A Tail of Two Acquisitions: 'Primitive Seating' by Dorothea Tanning

We are delighted to announce a new addition to our world-class Surrealist collection; the amazing Primitive Seating by Dorothea Tanning. Thank you to Alison Jacques for helping us to acquire this important, extraordinary work of art. 

Dorothea Tanning Tableau vivant 1954 © Dorothea Tanning Collection and Archive, New York and DACS, London 2023

In 2019, we welcomed our first work by the Surrealist artist, author and poet, Dorothea Tanning. Purchased with help from the Henry and Sula Walton Fund and Art Fund, Tableau Vivant – Living Picture (1954) was one of Tanning's favourite works: she kept it above her desk. The painting features a Lhasa Apso terrier named Katchina, which appears regularly in Tanning’s work. Sometimes the dog is the artist's alter-ego and at other times appears as a witness or protagonist. She was evasive about its meaning. It is unclear if it is an image of possession and dominance or of love, support and protection; it may be all these things.

Two years later, we acquired a later work by Tanning; this was made possible with support from Alison Jacques, London. The two acquisitions share a room as part of our new exhibition, New Arrivals: From Salvador Dalí to Jenny Saville.

Dorothea Tanning Primitive Seating 1982 © Dorothea Tanning Collection and Archive, New York and DACS, London 2023

Primitive Seating is a mesmerising, antique chair-turned-sculpture. In the early 1980s, Tanning took an ordinary piece of furniture and instilled it with animal qualities, producing a feline-like form. When asked what had inspired her to make Primitive Seating, she wryly replied: ‘I had some material left over, so I put a tail on it.’ Treading the line between domestic object and work of art, Primitive Seating invites the viewer to consider the surreal possibilities of everyday objects.
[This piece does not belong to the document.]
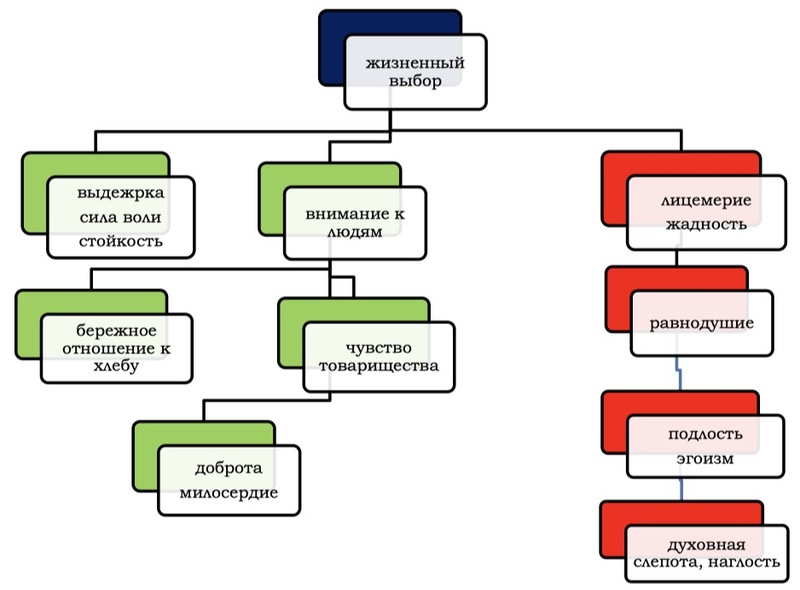 Учитель: На отношении к людям, к хлебу, в сложнейших условиях войны раскрываются прямо противоположные линии поведения, взаимоисключающие жизненные позиции, и такой художественный прием, как антитеза, здесь просто незаменим.

Tanning grew up in Galesburg, Illinois, and was drawn to art from a young age. She studied painting in Chicago, and had her first exhibition in a bookshop gallery in New Orleans in 1934. In the mid 1930s, Tanning moved to New York, where she worked as a freelance commercial artist, and later, in the 1940s designing adverts for Macy’s department stores. In 1936, she visited the Fantastic Art, Dada, Surrealism at the Museum of Modern Art. This experience was an artistic revelation to Tanning, who began to engage more and more with Surrealist themes, becoming an important figure in Surrealist circles. Tanning’s career spanned over seven decades, and she produced a large and varied oeuvre during her life. From creating soft, sculptural forms impaled with large pins, to painting abstract works in bold& colours, Tanning’s style was constantly developing and metamorphosing.

Explorations in tactility, texture and form, as well as the potential to transform domestic spaces and household fixtures into marvellous creatures or ghostly beings, can be seen in much of Tanning’s work. By the 1960s and 1970s, these interests were realised in three-dimensional, soft-sculptures, often using a piece of furniture as a canvas upon which to explore surreal fantasies. The artist used everyday objects to add corporeal embellishments to these sculptures, such as jigsaw-puzzle pieces as teeth, or Ping-Pong balls to mimic a spinal column from underneath the fabric “skin”. With similar anthropomorphic intent, Rainy-Day Canapé (or Canapé en temps de pluie, 1970s, Philadelphia Museum of Art) was created using tweed, wool and cardboard, all wrapped around an old wooden sofa, into which humanoid shapes seem to have half dissolved. Tanning's famous installation titled Poppy Hotel, Room 202 (1970-73, Centre Georges Pompidou, Paris) shows this artistic period at its peak, grouping several soft sculptures together. Here, she showcased another chair sculpture, titled Revelation or The End of the Month (1970-73) which, much like earlier work, shows a human form that appears to have melted into its tweed surface, one leg left dangling limply at the front.

When Tanning returned to New York from France in the 1980s, it is thought that the chair used in Primitive Seating might have accompanied her; photographs of her house in France show several chairs of the same style. In 1982 she created this incredible sculpture, which would remain in her personal collection until her death in 2012. Though the artist produced soft-sculpture chairs on a number of occasions, Primitive Seating stands alone with its animalistic characteristics. The shape and style of the chair is conservative and traditional, and yet Tanning has transformed it into a wild and uncanny art object. Ultimately, Primitive Seating challenges the viewer to reconsider the way in which they perceive the ordinary. Here, we see an old antique chair magicked into a leopard, ready to pounce.

Alongside Tableau vivant [Living Picture] (1954), Primitive Seating is on display at the Scottish National Gallery of Modern Art (Modern One) as part of the exhibition New Arrivals: From Salvador Dalí to Jenny Saville.

Blog by Tor Scott, Collection and Research Assistant.